Через неделю мне удалось задержать Натали в сознании на пять минут дольше, чем обычно.

Входит Виктор.

ВИКТОР. Ты не хочешь заняться чем-то другим, например просто прогуляться сегодня вечером?

НАТАЛИ. Я не знаю, что значит «просто прогуляться».

ВИКТОР. Как? Вообще не знаешь?.. Гулять – это когда выходишь из дома и просто идешь по улице, разговариваешь и дышишь свежим воздухом. Можно зайти посидеть в кафе, выпить капучино.

НАТАЛИ. Капучино?.. Что-то такое помню.

ВИКТОР. Да, нам нужно с тобой поближе познакомиться, выпить кофе.

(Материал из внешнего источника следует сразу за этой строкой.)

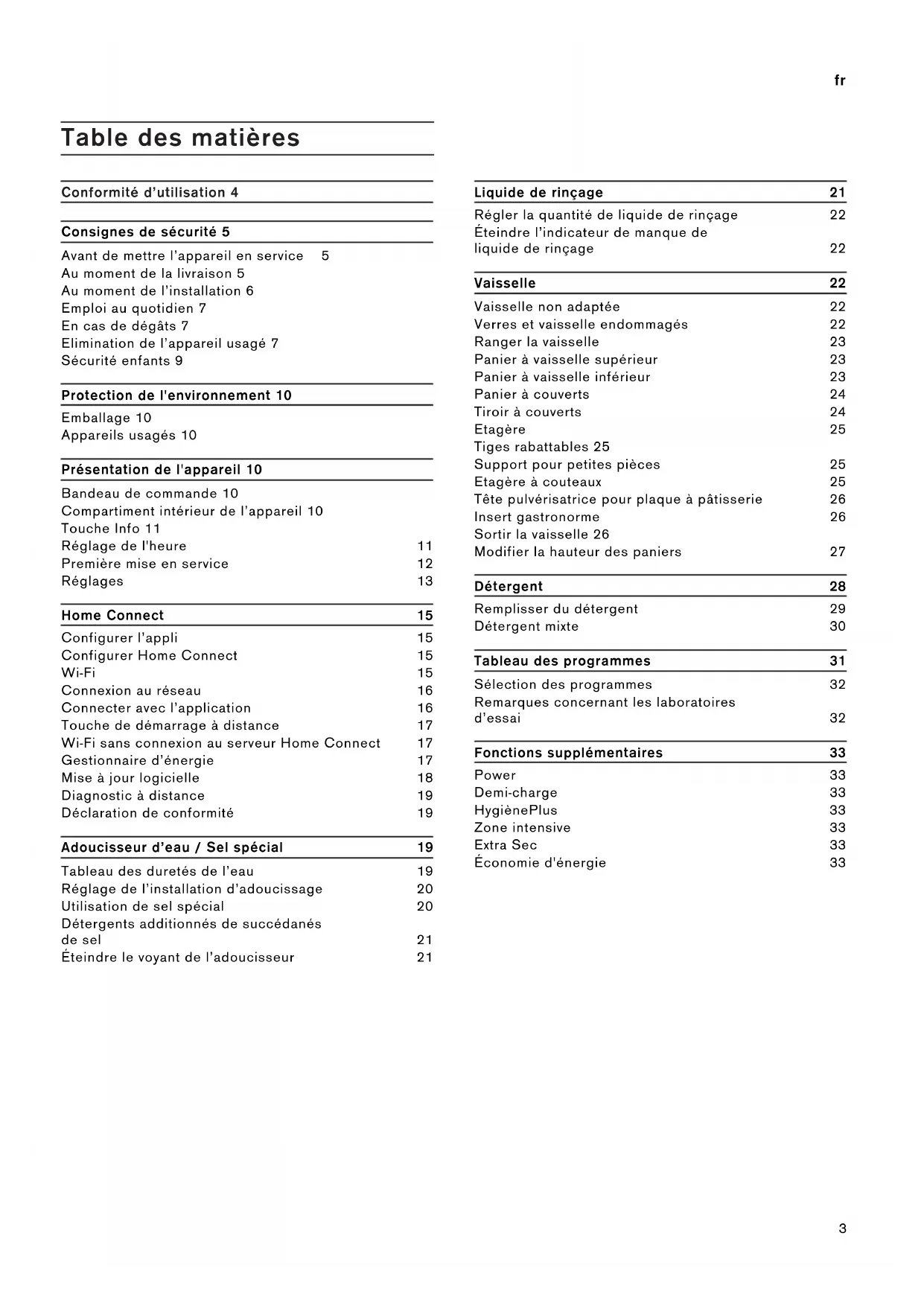 Table des matières Mode d’emploi Conformité d’utilisation 4 Consignes de sécurité 5 Avant de mettre l’appareil en service 5 Au moment de la livraison 5 Au moment de l’installation 6 Emploi au quotidien 7 En cas de dégâts 7 Elimination de l’appareil usagé 7 Sécurité enfants 9 Protection de l'environnement 10 Emballage 10 Appareils usagés 10 Présentation de l'appareil 10 Bandeau de commande 10 Compartiment intérieur de l’appareil 10 Touche Info 11 Réglage de l'heure 11 Première mise en service 12 Réglages 13 Home Connect 15 Configurer l’appli 15 Configurer Home Connect 15 Wi-Fi 15 Connexion au réseau 16 Connecter avec l’application 16 Touche de démarrage à distance 17 Wi-Fi sans connexion au serveur Home Connect 17 Gestionnaire d’énergie 17 Mise à jour logicielle 18 Diagnostic à distance 19 Déclaration de conformité 19 Adoucisseur d’eau / Sel spécial 19 Tableau des duretés de l’eau 19 Réglage de l’installation d’adoucissage 20 Utilisation de sel spécial 20 Détergents additionnés de succédanés de sel 21 Éteindre le voyant de l’adoucisseur 21 Liquide de rinçage 21 Régler la quantité de liquide de rinçage 22 Éteindre l’indicateur de manque de liquide de rinçage 22 Vaisselle 22 Vaisselle non adaptée 22 Verres et vaisselle endommagés 22 Ranger la vaisselle 23 Panier à vaisselle supérieur 23 Panier à vaisselle inférieur 23 Panier à couverts 24 Tiroir à couverts 24 Etagère 25 Tiges rabattables 25 Support pour petites pièces 25 Etagère à couteaux 25 Tête pulvérisatrice pour plaque à pâtisserie 26 Insert gastronorme 26 Sortir la vaisselle 26 Modifier la hauteur des paniers 27 Détergent 28 Remplisser du détergent 29 Détergent mixte 30 Tableau des programmes 31 Sélection des programmes 32 Remarques concernant les laboratoires d’essai 32 Fonctions supplémentaires 33 Power 33 Demi-charge 33 HygiènePlus 33 Zone intensive 33 Extra Sec 33 Économie d'énergie 33fr Conformité d’utilisation

Натали вновь «застывает», Виктор гладит большим пальцем ее губы. Свет гаснет.

Сцена третья

На сцене темно. За сценой слышен лай собак, женский крик и плач. Затем Виктор вносит Натали, обернутую его курткой, и бережно кладет на кровать. На ее ногах кровь, рубашка разодрана. Натали рыдает. Виктор обнимает ее, пытается успокоить. Через некоторое время Натали, всхлипывая, начинает рассказывать.

НАТАЛИ. Мы с тобой вчера познакомились и выпили кофе. Сегодня, когда ты ушел, я захотела опять посидеть в кафе, вспомнить, как это было в другом городе, где есть небо и море. Здесь все такое серое. Серые дома, серые стены, серые лица. Серое небо, очень серое небо. И море, которого нет, тоже серое. И как только я вышла, на меня бросились собаки. Они тоже гуляли. Было очень больно. А теперь мне не больно. С тобой не больно.

Виктор тем временем приносит перекись водорода, бинт, начинает осторожно обрабатывать раны Натали.

ВИКТОР. Но ты же была в одном белье! Тебе было холодно? И… другие мужчины… не успели с тобой ничего сделать? Ну, плохого? Против твоей воли?

НАТАЛИ. Я не понимаю, о чем ты говоришь. Я всегда готова, ты же знаешь.

ВИКТОР. Натали, Натали… Что мне теперь с тобой делать…

Натали молчит. Виктор заканчивает обрабатывать ее раны, перевязывает кофейную ногу белым бинтом. Натали задумчиво смотрит на повязку.

НАТАЛИ. Ты не знаешь, что со мной делать. Ты, возможно, решишь меня прогнать. И тогда меня загрызут серые собаки, или плохие мужчины сделают со мной плохое в плохой подворотне, и я сама буду плохая, серая, мертвая. Но я не знаю, что такое «мертвая» и что значит «живая». Я только быстро учусь и уже успела узнать, что в этом сером месте, на этих серых улицах серые мужчины делают с яркими женщинами плохие серые вещи, и яркие женщины после этого тоже становятся серыми. Серый – значит мертвый, хотя я и не знаю, что такое мертвый и что такое живой. Я знаю только, что такое больно и что такое хорошо. С тобой мне хорошо, а сейчас было больно.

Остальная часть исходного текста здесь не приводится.